Always again and again and again… | Wisconsin Jewish Chronicle

Always again and again and again…

“Never again” is supposed to be the slogan proclaiming that genocide of the Jewish people and of any other people should never happen again. Simple, right?

Yet whenever Israel attempts to defend itself from forces and organizations in the Arab/Muslim world that openly proclaim they are seeking to commit a new genocide of Jews, protests and criticism seem to rain upon Israel. One almost wants to characterize this phenomenon as “Always again and again and again….”

Part of the problem, naturally, is the coverage of these events by the world’s news media. The current warring in Gaza has raised common complaints, some particularly focused on the Milwaukee Journal Sentinel’s coverage.

Cover photos of wounded or killed Gazans seem to repeat daily and play on human sympathies. And where, readers ask, is some explanation of the eight years of ongoing attacks on the residents of southern Israel? Where is one paragraph about children who play only in the perimeter of playgrounds because they fear being far from shelter? What about the growing number of Israelis suffering from Post Traumatic Stress Disorder or 10-year olds who return to bedwetting?

We believe that the primary problem with most news media’s coverage of Israel is not a measured bias against the Jewish state but rather the lack of knowledge of historical-cultural context endemic to reporters and editors.

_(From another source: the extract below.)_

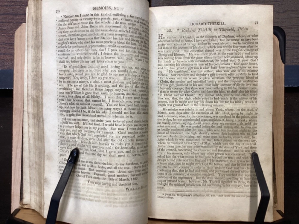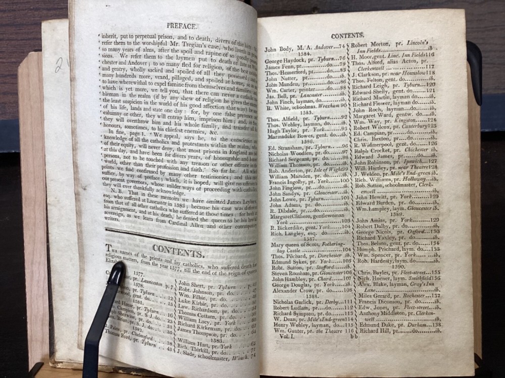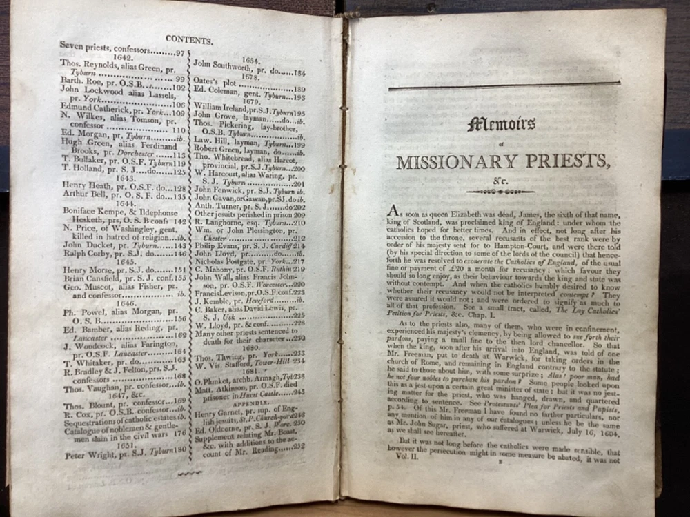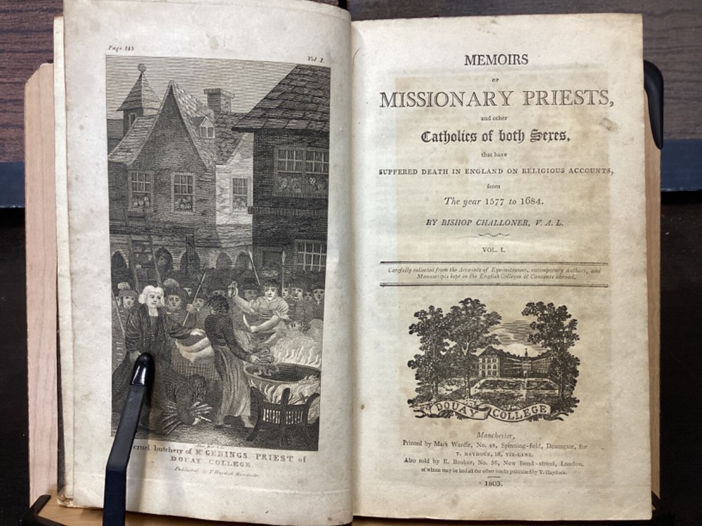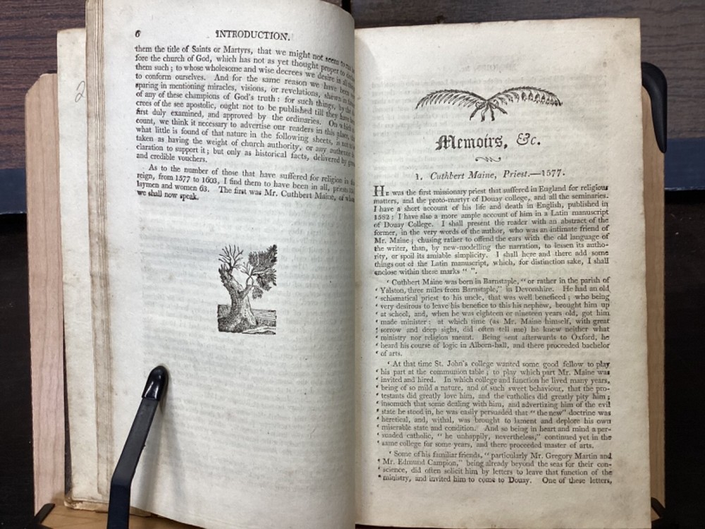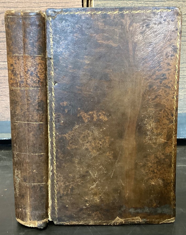 Memoirs of Missionary Priests, and Other Catholics of Both Sexes, That Have Suffered Death in England on Religious Accounts, from the year 1577 to 1684, Volumes 1 and 2, by Bishop Challoner, V.A.L., Mark Wardle, Manchester, 1803, 240pp, 256pp, leather, 5.5 x 8.5", 8vo Fair condition. Wear to front and rear boards. Edges are scuffed and tips bumped with exposed boards. Gilt detailing around edges of both front and rear boards. Front joint is cracked. An instance of worming appears to be present on front board. Spine is cracked and chipped with some exposed binding at tail; illegible. Marginalia on front pastedown and flyleaf. Frontispiece opposite title pages of both volumes. Toning, age-staining, foxing, and tea-staining throughout textblock. Please see photos. Written by Bishop Richard Challoner, these volumes provide a detailed account of the persecution of Catholics in England during the period between 1577 and 1684. Challoner focuses on the stories of Catholic priests and other individuals who were martyred for their faith during this time period. The book includes biographical information about these individuals, as well as descriptions of the events that led to their persecution and eventual death. Challoner also provides a historical context for the persecution of Catholics in England during this time period, including the political and religious factors that contributed to it. FORN-MSB-0224-TUB0006-JC137

Wrote Yaacov Lozowick in his still pertinent 2003 book “Right to Exist: A Moral Defense of Israel’s Wars”: “The methodology of contemporary journalism does not lend itself to explaining Israel’s wars. Instead, it tends to obfuscate reality and dissipate clear judgments in a haze of moral relativism.”

Lozowick then lists “eight rules by which journalists operate, six of which often give false results.” These rules include:

• “The picture is reality… Of course this isn’t true, since often a mere picture has no context.” But photo and video journalism are so much more attention-grabbing than text that news media editors will gravitate toward good images, sometimes at the expense of complete stories.

• “Life is like basketball – quick, action-packed, and with immediate results.” Thus Israel’s big and rapid incursion into Gaza will make instant news, while eight years of Hamas’ mortar and rocket attacks from Gaza into southern Israel received little attention outside of Israel and the Jewish community.

• “A reasonably intelligent reporter can learn enough in a short time to present a reasonably accurate picture of events.” Mistaken reporters might feel confident when their articles refer to events that occurred in the past month or even year. But events in the Gaza strip occur in a context of centuries, even millennia, and within cultural perspectives and assumptions that are vastly different from those in the West. To tell the story without that context is to get it wrong.

• “Discerning journalists can see through deceit. This may be a reasonable rule of them when applied to our own democratically-elected politicians. It is demonstrably false when dealing with people for whom lying is a legitimate weapon in a war for Western hearts and minds.”

• “Journalists are not thinkers, they are merely purveyors of news…. Faced with a given set of events, journalists will understand and report on them with commonly accepted explanations. Most reporters cannot conceive of a frame of mind radically different from their own and assure us that everyone is basically motivated by the same interests, ideas and passions.… [Journalists] do not try to evolve new explanations for reality and they are not equipped to deal with anything truly mysterious, such as a hatred that is stronger than the will to live.”

These rules are worth remembering and reviewing every time Israel is attacked and responds to its attackers. They also point to the need for readers to rely on more than merely news media reports about Israel; to read books and journals that probe more deeply into what is behind the news.

Even one reading of Hamas’ charter — a viciously anti-Semitic document that blames Jews for everything from the French Revolution to World War II (article 22) and declares “Israel, by virtue of its being Jewish and of having a Jewish population, defies Islam and the Muslims” (article 28) — will explain more of the current news than a stack of daily newspapers and non-stop TV newscasts.

As for the protests, one also should remember another Lozowick observation: “Israel’s enemies — the Palestinian ones next door, the Arab ones nearby, or the Western ones in their peaceful countries far away — are not interested in facts. They feel no need to reexamine their assumptions. A Jewish state using its power to defend itself and prepared to meet murderous intent with resolute force is not acceptable to them. End of discussion.”